El proceso de construcción del voto es complejo, contiene variables que inciden más o menos según la coyuntura -en particular la económica-, la oferta electoral y la situación personal del votante. El deterioro económico es evidente y se vive en el día a día en todos los sectores sociales, aunque de formas diferentes y sus efectos no necesariamente se trasladan de manera mecánica a los resultados de los comicios, de ser así ya podrían tomarle las medidas a Alberto Fernández para diseñarle la banda presidencial, pero no es el caso.
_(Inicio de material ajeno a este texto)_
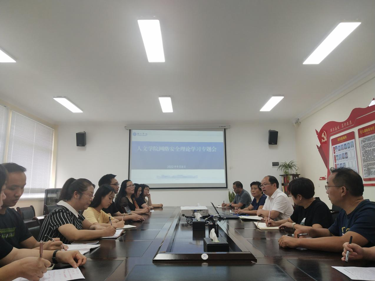 9月8日,人文学院召开网络安全理论学习专题会议。院党委书记、院长孙向阳,院党委委员、副院长张建刚、蒋小红、白俊骞出席会议。院党委副书记杨兴英主持会议,并传达了学校网络安全工作精神。

Gerardo Morales -el gobernador radical reelecto de Jujuy, que mantiene encarcelada a Milagro Sala sin respeto a las normas judiciales básicas-, lo explicó con claridad al señalar que «Si fuera por la economía, tendría que haber perdido la elección». Sin embargo, reconoció, en un alarde de objetividad que no caracteriza a la Casa Rosada, que «la crisis ha golpeado» e influyó en la reducción del 58% de votos obtenidos en 2015 al reciente 44%.
El «modelo» económico de los 12 años de gestión kirchnerista logró una mejora global del país y de la mayoría de sus habitantes, gracias a políticas de redistribución de rentas con generación de empleo a partir del «infierno» heredado. Sus límites también causaron desilusiones, incluso en parte de su propio electorado, con una campaña explícita en su contra a través de los medios privados de comunicación que magnificó problemas, construyó situaciones falsas y logró generar «simpatías por contraste» hacia el representante de la gran economía, quien logró instalarse con su equipo gerencial en la casa Rosada el 10 de diciembre de 2015, en base al diseño de imágenes de buenos gestores que respetarían las conquistas alcanzadas hasta el día de su asunción.
El destape posterior de falsedades, contenidas en denuncias periodísticas contra el funcionariado kirchnerista durante la campaña 2015 y en el armado de causas judiciales es su contra, empezando por su propia jefa, llegó tarde: Mauricio Macri ganó los comicios de aquel año.
Las operaciones, convertidas en campaña permanente, impregnaron a muchas personas de un remanente contrario a las figuras acusadas y engendraron una reacción de rechazo hacia ellas que constituyó un factor que interviene en la opinión incluso de sectores medios y bajos, dentro de una matriz de acumulación electoral «en contra de» más que de acompañamiento de determinadas políticas, propuestas o programas. Ese diseño convirtió a Cristina Kirchner en mascarón de proa del barco de lo horrible; en ese relato, «Yegua» y «Chorra», pasaron a ser sinónimo de su persona.
El desafío de los laboratorios macristas es mantener ese «formato»de comportamiento; de allí los intentos de «polarizar» y mantener a Cristina Kirchner en el centro de una escena que pretenden definir. Contra toda supuesta racionalidad, esa intención da sentido a la escogencia de un senador sin tierra, votos ni aliados, pero símbolo de la oposición a la actual precandidata a la Vicepresidencia de la Nación, como Miguel Pichetto, para que ocupe idéntica postulación.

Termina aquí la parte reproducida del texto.